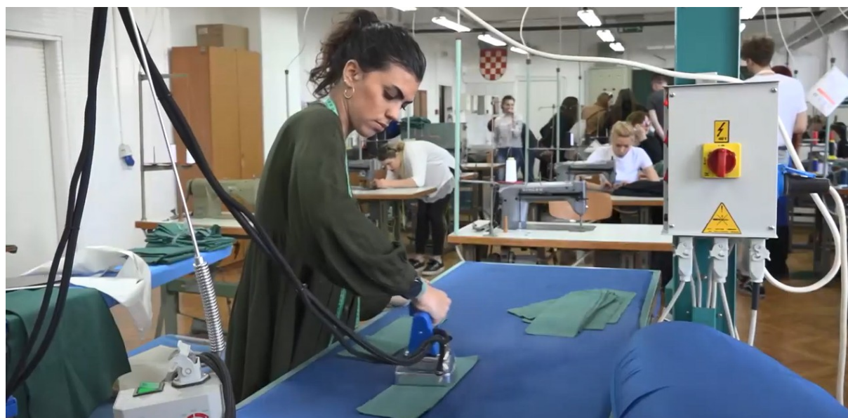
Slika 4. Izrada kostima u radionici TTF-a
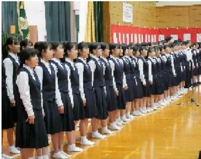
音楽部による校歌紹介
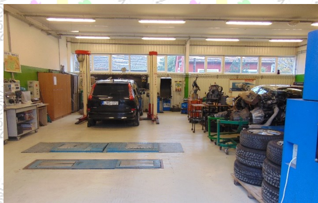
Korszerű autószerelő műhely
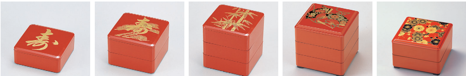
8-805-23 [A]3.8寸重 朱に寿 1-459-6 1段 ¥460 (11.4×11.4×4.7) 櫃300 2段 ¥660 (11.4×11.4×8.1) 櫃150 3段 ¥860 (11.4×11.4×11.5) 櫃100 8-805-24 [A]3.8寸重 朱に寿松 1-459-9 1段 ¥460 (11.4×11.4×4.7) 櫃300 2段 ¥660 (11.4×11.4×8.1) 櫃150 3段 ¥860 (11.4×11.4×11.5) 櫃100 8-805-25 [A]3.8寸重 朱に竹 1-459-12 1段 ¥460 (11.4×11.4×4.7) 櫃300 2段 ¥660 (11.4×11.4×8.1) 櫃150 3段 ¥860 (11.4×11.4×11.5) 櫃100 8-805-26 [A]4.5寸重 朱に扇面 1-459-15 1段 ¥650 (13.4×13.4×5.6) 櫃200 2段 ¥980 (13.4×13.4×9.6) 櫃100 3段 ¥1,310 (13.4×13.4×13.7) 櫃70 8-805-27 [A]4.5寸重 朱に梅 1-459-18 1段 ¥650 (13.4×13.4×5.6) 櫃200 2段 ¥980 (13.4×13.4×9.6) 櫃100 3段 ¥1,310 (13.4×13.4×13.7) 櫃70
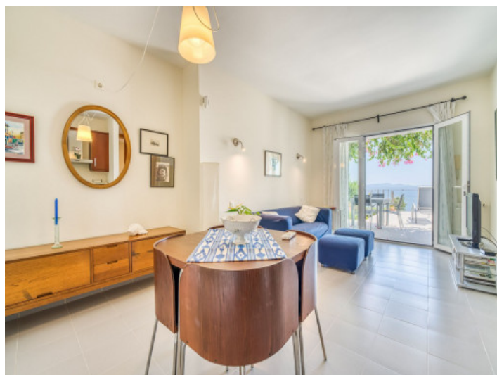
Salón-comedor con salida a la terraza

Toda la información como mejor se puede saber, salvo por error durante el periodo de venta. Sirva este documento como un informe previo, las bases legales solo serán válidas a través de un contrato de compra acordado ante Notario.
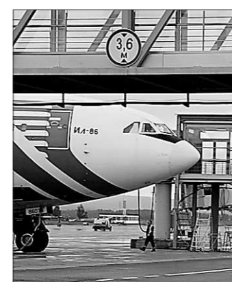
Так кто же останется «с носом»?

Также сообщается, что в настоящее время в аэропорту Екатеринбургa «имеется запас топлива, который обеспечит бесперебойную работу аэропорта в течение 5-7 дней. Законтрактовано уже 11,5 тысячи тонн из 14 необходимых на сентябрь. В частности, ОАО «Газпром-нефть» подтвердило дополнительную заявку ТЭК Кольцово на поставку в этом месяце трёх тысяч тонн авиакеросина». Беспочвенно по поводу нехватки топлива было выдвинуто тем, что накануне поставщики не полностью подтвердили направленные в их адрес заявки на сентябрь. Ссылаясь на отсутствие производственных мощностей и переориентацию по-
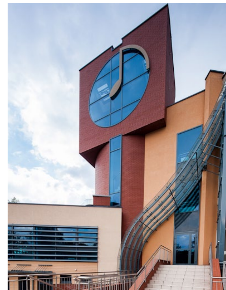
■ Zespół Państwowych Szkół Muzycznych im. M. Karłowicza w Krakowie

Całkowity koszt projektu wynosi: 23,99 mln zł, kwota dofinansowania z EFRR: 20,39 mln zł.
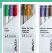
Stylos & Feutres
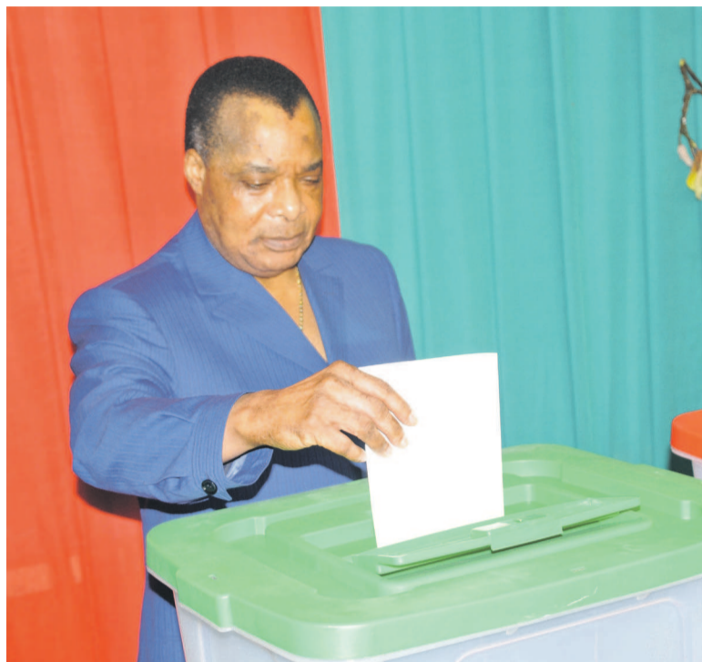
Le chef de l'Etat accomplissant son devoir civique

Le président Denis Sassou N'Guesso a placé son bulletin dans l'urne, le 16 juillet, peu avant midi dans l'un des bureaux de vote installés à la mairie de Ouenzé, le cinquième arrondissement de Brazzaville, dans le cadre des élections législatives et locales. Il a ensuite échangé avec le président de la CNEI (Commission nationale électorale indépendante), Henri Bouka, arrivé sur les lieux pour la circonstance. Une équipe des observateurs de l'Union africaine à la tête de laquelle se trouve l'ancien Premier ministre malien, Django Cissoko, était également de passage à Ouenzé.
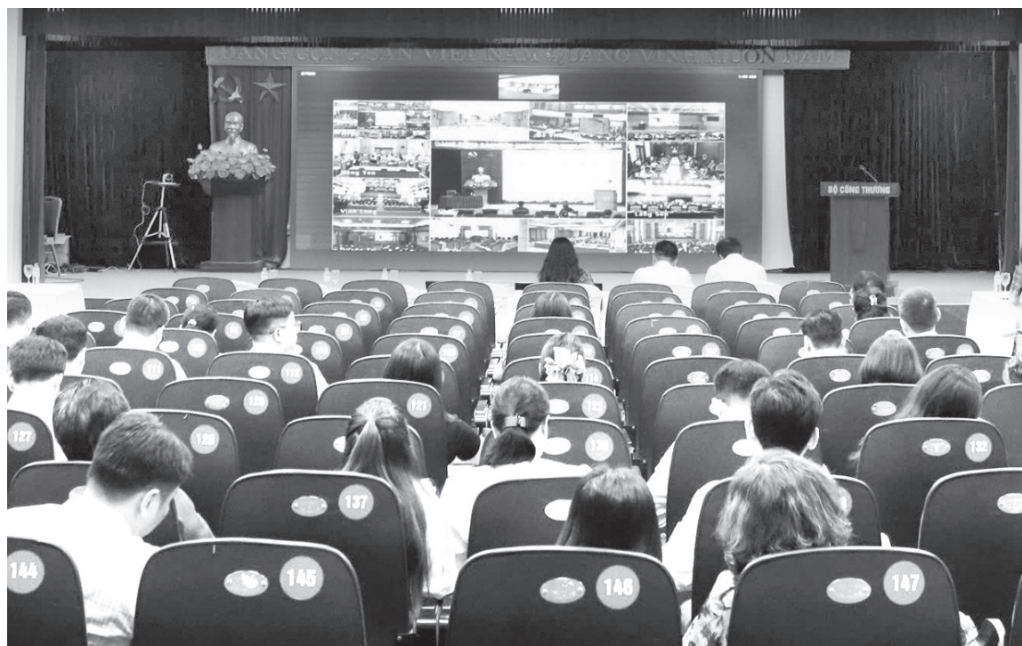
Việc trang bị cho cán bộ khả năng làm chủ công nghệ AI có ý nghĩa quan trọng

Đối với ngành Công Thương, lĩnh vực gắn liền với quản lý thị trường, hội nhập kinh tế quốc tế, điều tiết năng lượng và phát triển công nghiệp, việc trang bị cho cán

- - -

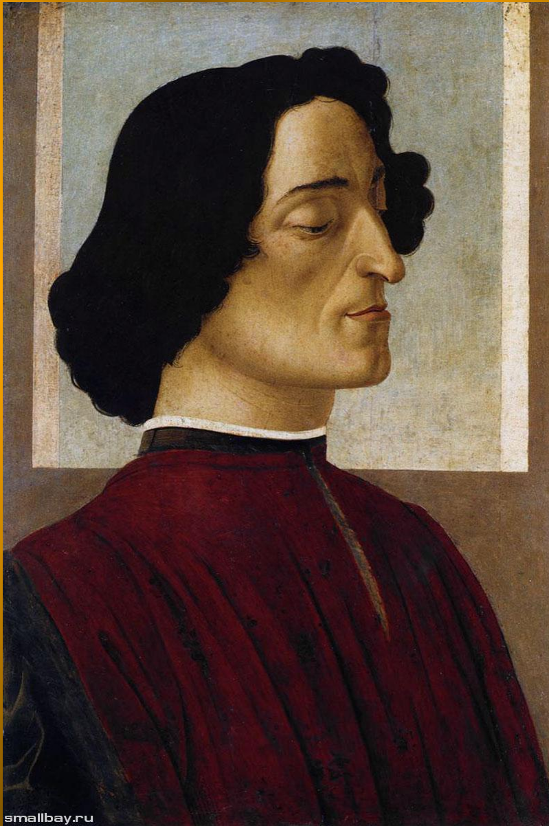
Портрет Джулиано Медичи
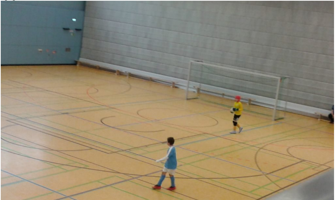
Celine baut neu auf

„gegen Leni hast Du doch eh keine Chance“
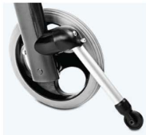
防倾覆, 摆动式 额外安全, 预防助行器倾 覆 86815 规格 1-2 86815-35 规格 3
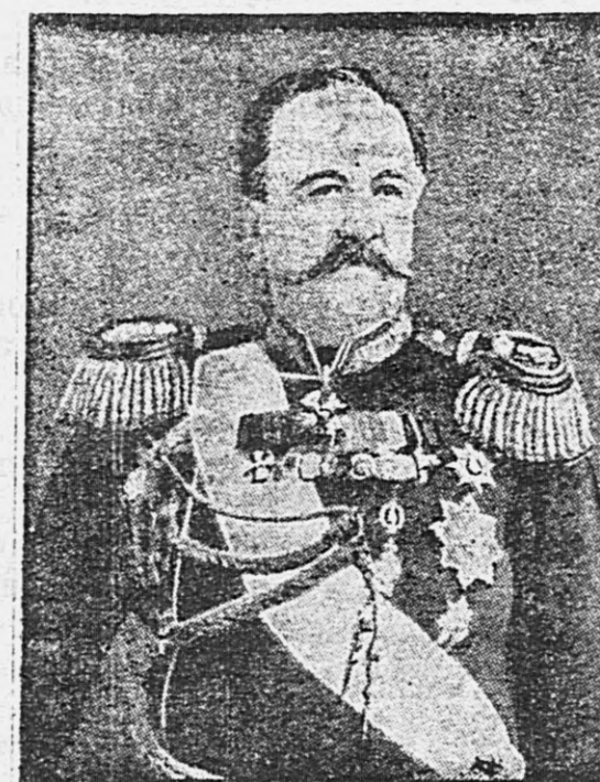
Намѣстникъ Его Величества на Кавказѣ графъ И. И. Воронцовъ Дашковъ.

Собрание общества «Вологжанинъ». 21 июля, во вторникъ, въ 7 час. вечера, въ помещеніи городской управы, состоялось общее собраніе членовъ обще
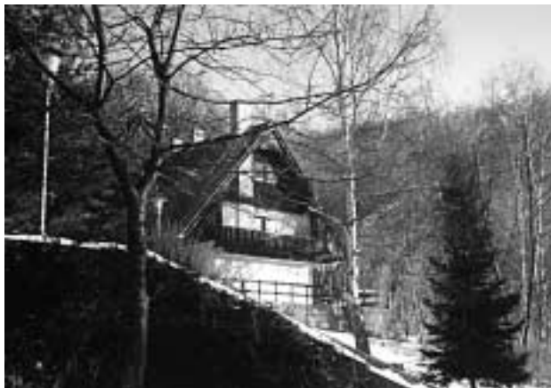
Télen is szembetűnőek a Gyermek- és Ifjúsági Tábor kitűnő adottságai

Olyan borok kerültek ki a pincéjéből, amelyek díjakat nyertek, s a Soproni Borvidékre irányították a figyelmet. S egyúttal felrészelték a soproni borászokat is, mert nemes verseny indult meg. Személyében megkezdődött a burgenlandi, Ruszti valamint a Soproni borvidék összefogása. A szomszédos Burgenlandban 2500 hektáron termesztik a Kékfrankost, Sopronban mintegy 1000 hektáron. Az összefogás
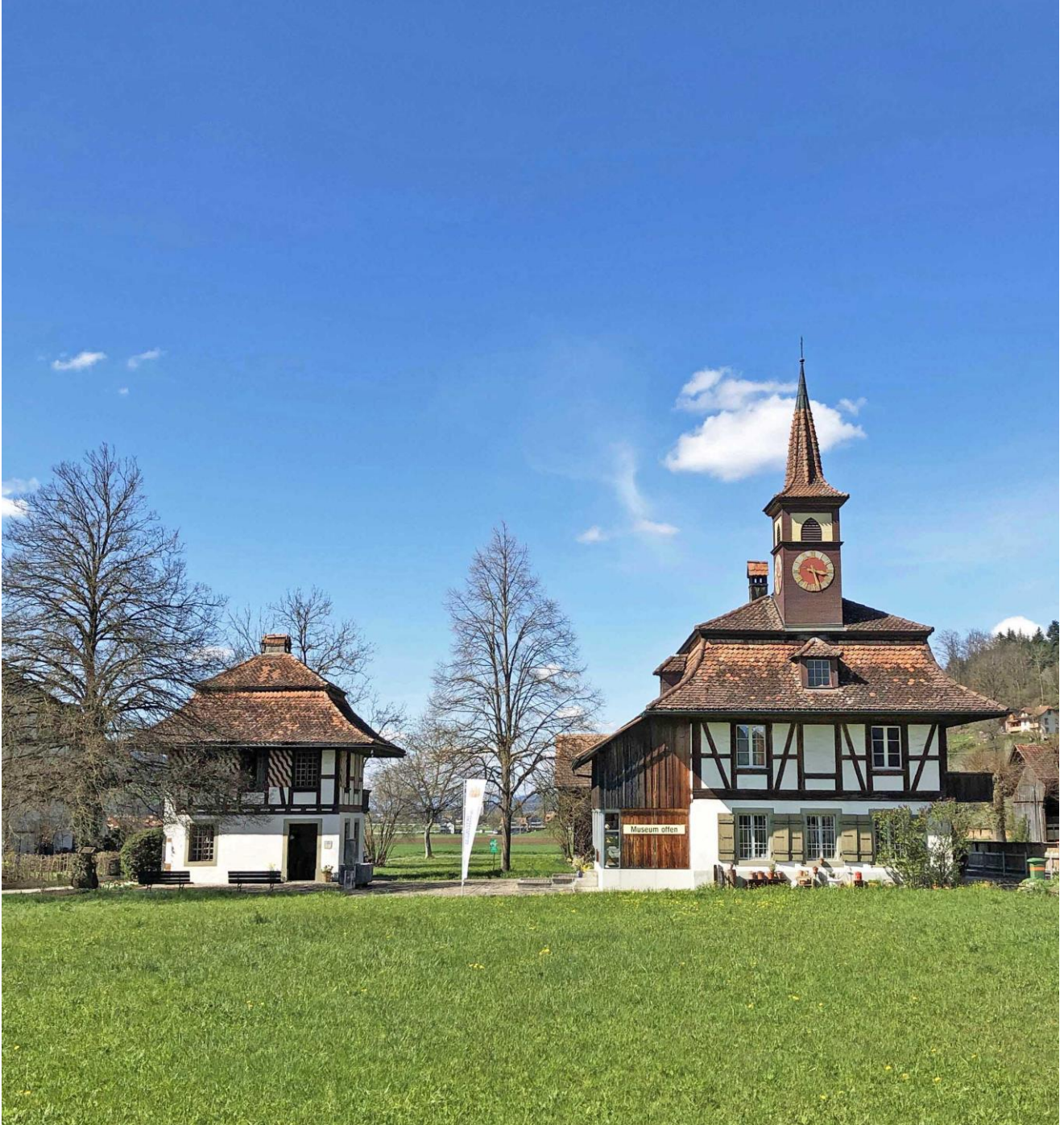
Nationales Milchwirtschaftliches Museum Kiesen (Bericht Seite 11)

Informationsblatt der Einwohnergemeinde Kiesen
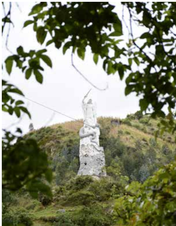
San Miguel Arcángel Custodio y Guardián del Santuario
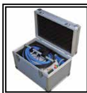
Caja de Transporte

- - -

* What you should do *
Within the entries above, report how many lines contain the word "công"; the figure is all that is wanted.

* Solution for this exercise *
2